Wie die FAZ den Studienbefund zuspitzt
Die Frankfurter Allgemeine Zeitung bewarb am 29. Juli 2026 einen Beitrag in den sozialen Medien mit den Worten:
„Studie nach Teil-Legalisierung: Krank durch Cannabis. Zahl der Psychosen durch Cannabis ist gestiegen.“
Völlig frei erfunden ist diese Aussage nicht. Cannabis kann psychotische Symptome auslösen oder verstärken, und nach der Gesetzesänderung wurden mehr cannabisbezogene Krankenhausdiagnosen dokumentiert.
Der Teaser lässt jedoch entscheidende Informationen verschwinden:
- Der Gesamtanstieg bei Erwachsenen war moderat.
- Bei Jugendlichen ging der anfängliche statistische Effekt wieder zurück.

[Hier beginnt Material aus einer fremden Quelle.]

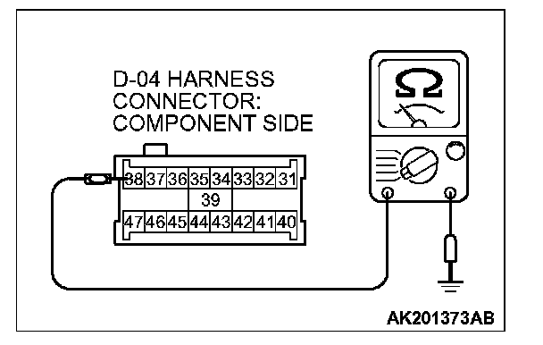 3. Check for the continuity between terminal No.38 and ground.
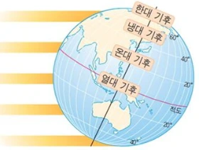 위도입니다. 저위도 지역은 단위 면적당 일사량-태양 복사에너지가 지표면에 닿는 양-이 많아 기온이 높고, 고위도로 갈수록 단위 면적당 일사량이 적어지면서 기온이 낮아집니다. 고위도는 저위도에 비해 여름과 겨울의 단위 면적당 일사량 차이가 커 기온의 연교차-일 년 동안의 기온 차이-가 큽니다.

- Die Zahl der Konsumierenden stieg nicht erkennbar sprunghaft.
- Die Untersuchung kann keine eindeutige Kausalität beweisen.

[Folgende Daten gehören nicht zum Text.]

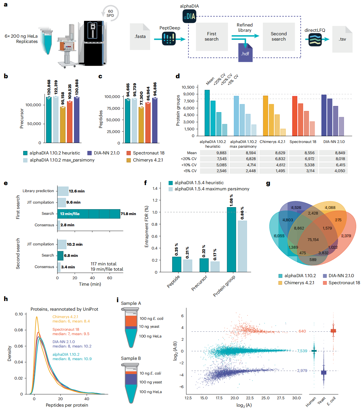 借助预测谱库,AlphaDIA包含谱库优化与定量两步搜索流程(图5a)。为进行基准测试,作者采集了大量HeLa样本,并使用包含360万个胰蛋白酶解前体的AlphaPeptDeep预测谱库进行搜索。结果显示,AlphaDIA平均可鉴定出超过120,000个前体,性能与其他测试搜索引擎相当甚至更优(图5b)。值得注意的是,在60-SPD方法(21分钟)下,采用启发式分组可鉴定出9,800个蛋白组,未分组时可鉴定出近8,600个蛋白(图5d)。通过添加拟南芥谱库,验证了两步流程的FDR控制效果(图5f)。在不同搜索引擎的比较方面,AlphaDIA鉴定的独特肽段数量最多,这体现为更高的序列覆盖率(图5g-h)。在定量准确性方面,全预测谱库搜索结合directLFQ算法,能以出色的精度与准确性重现预期比例(图5i)。

- Mehr Krankenhausaufnahmen bedeuten nicht automatisch ebenso viele neue, dauerhaft an Schizophrenie erkrankte Menschen.
Aus einem ernst zu nehmenden statistischen Signal entsteht so eine scheinbar abgeschlossene Geschichte:
Cannabis wurde teilweise legalisiert. Danach gab es mehr Krankenhausfälle. Also hat die Legalisierung Menschen psychotisch gemacht.
So eindeutig sind die Ergebnisse nicht.
Was die Krankenhausstudie tatsächlich zeigt
Forschende des Zentrums für interdisziplinäre Suchtforschung am Universitätsklinikum Hamburg-Eppendorf werteten Krankenhausdaten aus der Zeit von Januar 2022 bis September 2025 aus.

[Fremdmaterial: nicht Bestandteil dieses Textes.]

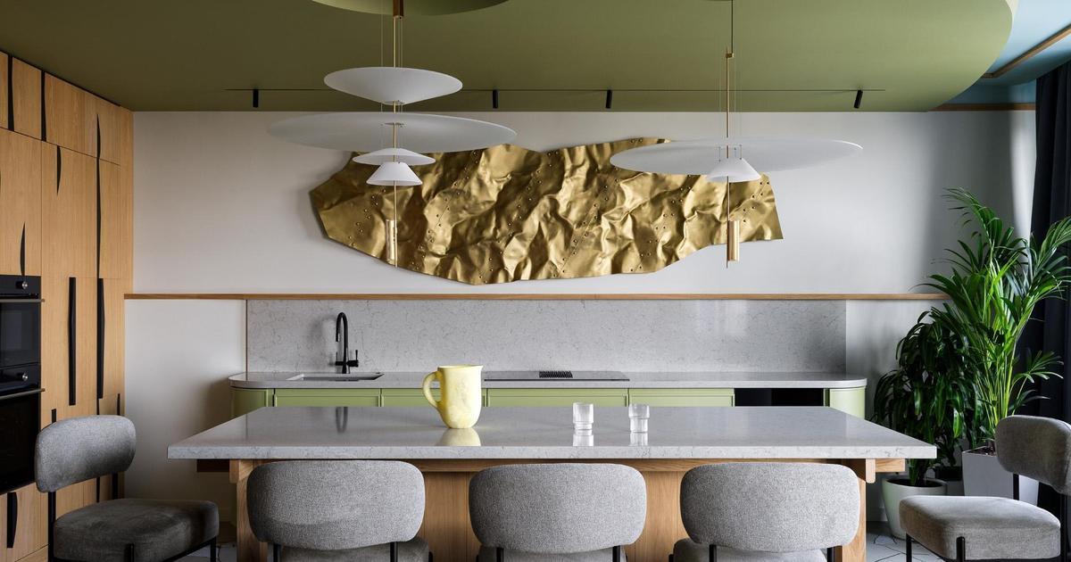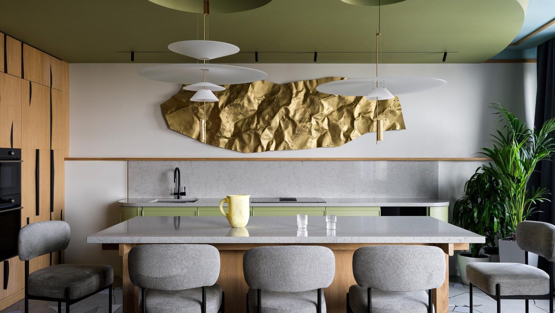 Комбинации могут быть разные: кому-то нравится оставлять стены в нейтральных тонах и выделять потолок, а кому-то нравятся более сложные колористические решения из нескольких активных оттенков, дополняющих друг друга. Не забываем про колорблокинг — не только эффектный прием, но и хороший способ зонировать пространство, выделив каждую его часть своим цветом. В проекте Михаила Курносова часть стены и потолка разделяет кухню и гостиную в открытом пространстве — к тому же, дизайнер обрамил границу пепельно-розовым цветом.

In die Hauptanalyse flossen 77.232 Krankenhausaufnahmen ein, bei denen eine cannabisbezogene Erkrankung als Hauptdiagnose dokumentiert worden war. Erfasst wurden unter anderem akute Intoxikationen, Cannabisabhängigkeit und cannabisinduzierte psychotische Störungen.
Beim Vergleich der zwölf Monate vor und nach der Teillegalisierung stieg die wöchentliche Rate cannabisbezogener Hauptdiagnosen bei Erwachsenen von 1,12 auf 1,27 Fälle je 1.000 Krankenhausaufnahmen. Das statistische Zeitreihenmodell deutete die Veränderung als unmittelbaren Anstieg um 5,6 Prozent. Daraus wurden schätzungsweise 1.359 zusätzliche Aufnahmen innerhalb eines Jahres errechnet.
Bei Jugendlichen erhöhte sich die Rate zunächst von 1,07 auf 1,22 Fälle je 1.000 Aufnahmen. Der anfängliche Effekt ging anschließend jedoch Woche für Woche zurück und war nach rund 35 Wochen rechnerisch aufgezehrt. Für das erste Jahr wurden 91 zusätzliche Aufnahmen geschätzt.
Das zentrale Ergebnis lautet daher nicht:
Seit der Legalisierung werden massenhaft Menschen psychotisch.
Es lautet:
Nach der Gesetzesänderung wurde bei Erwachsenen ein moderater und anhaltender, bei Jugendlichen dagegen ein vorübergehender Anstieg cannabisbezogener Krankenhausdiagnosen beobachtet.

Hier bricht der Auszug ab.